Figure 8.7. Rough Quality/Complexity Trade-off for Error Concealment in Speech Signals (From C. Perkins, O. Hodson, and V. Hardman, “A Survey of Packet Loss Recovery Techniques for Streaming Media,” IEEE Network Magazine, September/October 1998. © 1998 IEEE.)

Techniques for Video Loss Concealment

Most video codecs use interframe compression, sending occasional full frames and many intermediate frames as updates to the parts of the frame that have changed or moved, as shown in Figure 8.8. This technique, known as predictive coding because each frame is predicted on the basis of the preceding frame, is essential for good compression.

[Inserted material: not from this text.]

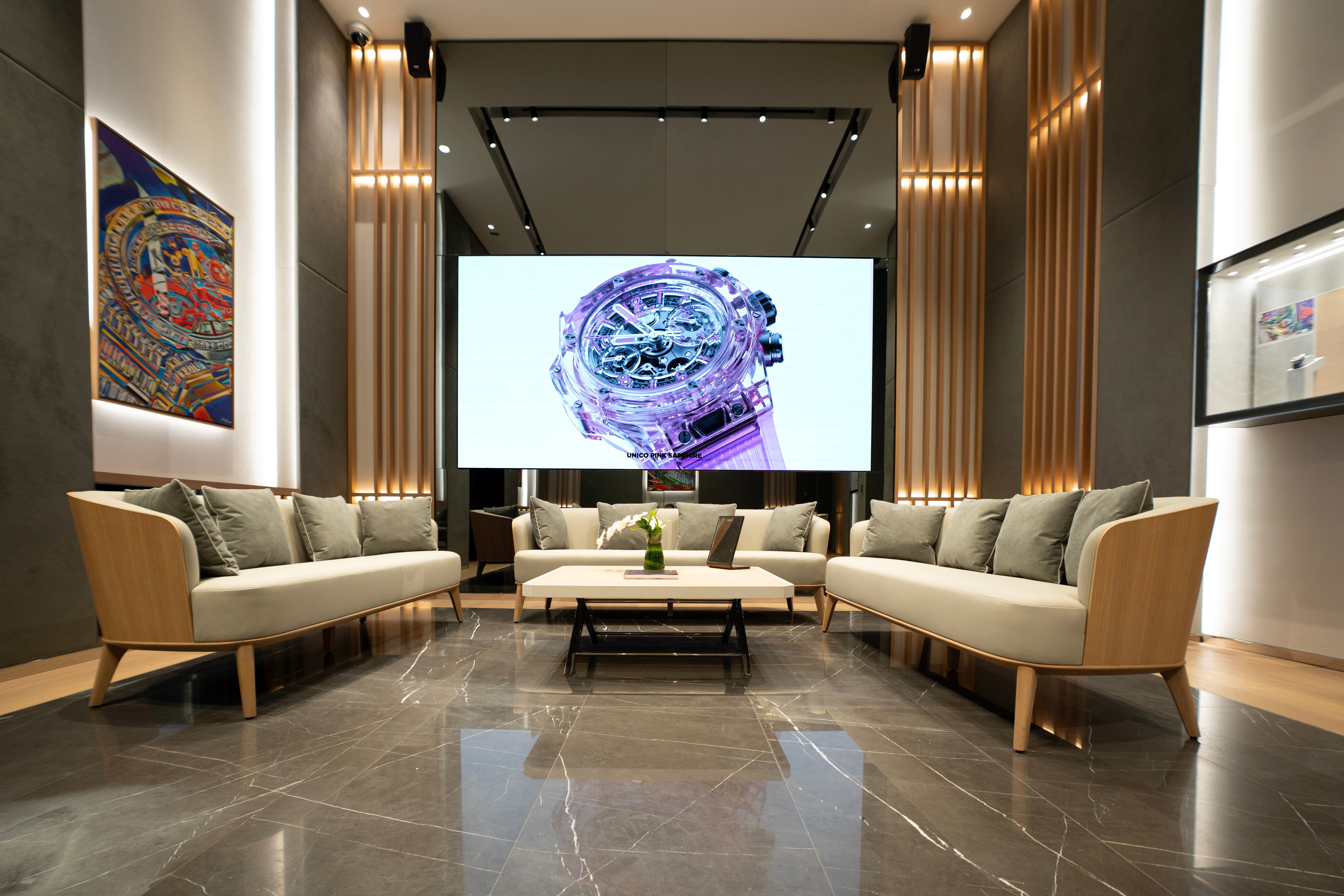 The boutique, opened in partnership with Attar United, spans 246 square meters and perfectly reflects Hublot’s “Art of Fusion” philosophy. Designed as a dynamic experience, it features multiple watch towers, a lounge area, and the region’s first Experiential Room, where visitors can explore Hublot’s pioneering materials – Rubber, Magic Gold, Ceramic, and Sapphire – through interactive displays.
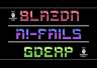 | Credits: | Code Freeze of Blazon Music Proton of Finnish Gold Graphics Freeze of Blazon Goerp of Fantastic 4 Cracking Group, Hokuto Force and Pixel Punx DirectoryArt Steveboy of Blazon Baracuda of Blazon, Smash Designs, The Stock and C64.CH Linking Freeze of Blazon Unspecified Baracuda of Blazon, Smash Designs, The Stock and C64.CH |

Basic Operation of Video Codecs

Figure 8.8. Basic Operation of Video Codecs

Predictive coding has several consequences for loss concealment. The first is that loss of an intermediate frame may affect only part of a frame, rather than the whole frame (similar effects occur when a frame is split across multiple packets, some of which are lost). For this reason, concealment algorithms must be able to repair damaged regions of an image, as well as replace an entire lost image. A common way of doing this is through motion-compensated repetition.

The other consequence of predictive coding is that frames are no longer independent. This means that loss of data in one frame may affect future frames, making loss concealment more difficult. This problem is discussed in the section titled Dependency Reduction later in this chapter, along with possible solutions.

Motion-Compensated Repetition

One of the widely used techniques for video loss concealment is repetition in the time domain. When loss occurs, the part of the frame affected by the loss is replaced with a repeat of the preceding frame. Because most video codecs are block based, and the missing data will often constitute only a small part of the image, this type of repair is usually acceptable.

Of course, repetition works only if the image is relatively constant. If there is significant motion between frames, repeating a portion of the preceding frame will give noticeable visual artifacts. If possible, it is desirable to detect the motion and try to compensate for it when concealing the effects of loss. In many cases this is easier than might be imagined because common video codecs allow the sender to use motion vectors to describe changes in the image, rather than sending a new copy of moved blocks.

If only a single block of the image is lost, a receiver may use the motion vectors associated with the surrounding blocks to infer the correct position for the missing block, on the basis of the preceding packet. For example, Figure 8.9 shows how the motion of a single missing block of the image can be inferred. If the highlighted block is lost, the original position can be derived because the motion is likely the same as that for the surrounding blocks.

Motion-Compensated Repetition of a Missing Video Block

Figure 8.9. Motion-Compensated Repetition of a Missing Video Block

Motion-compensated repetition relies on loss affecting only a part of the image. This makes it well suited to network transport that corrupts single bits in the image, but less suited to transport over IP networks that lose packets containing several, most likely adjacent, blocks. Interleaving—discussed later in this chapter—is one solution to this problem; another is to use the motion vectors from the preceding frame to infer the motion in the current frame, as shown in Figure 8.10. The assumption here is that motion is smooth and continuous across frames—an assumption that is not unreasonable in many environments.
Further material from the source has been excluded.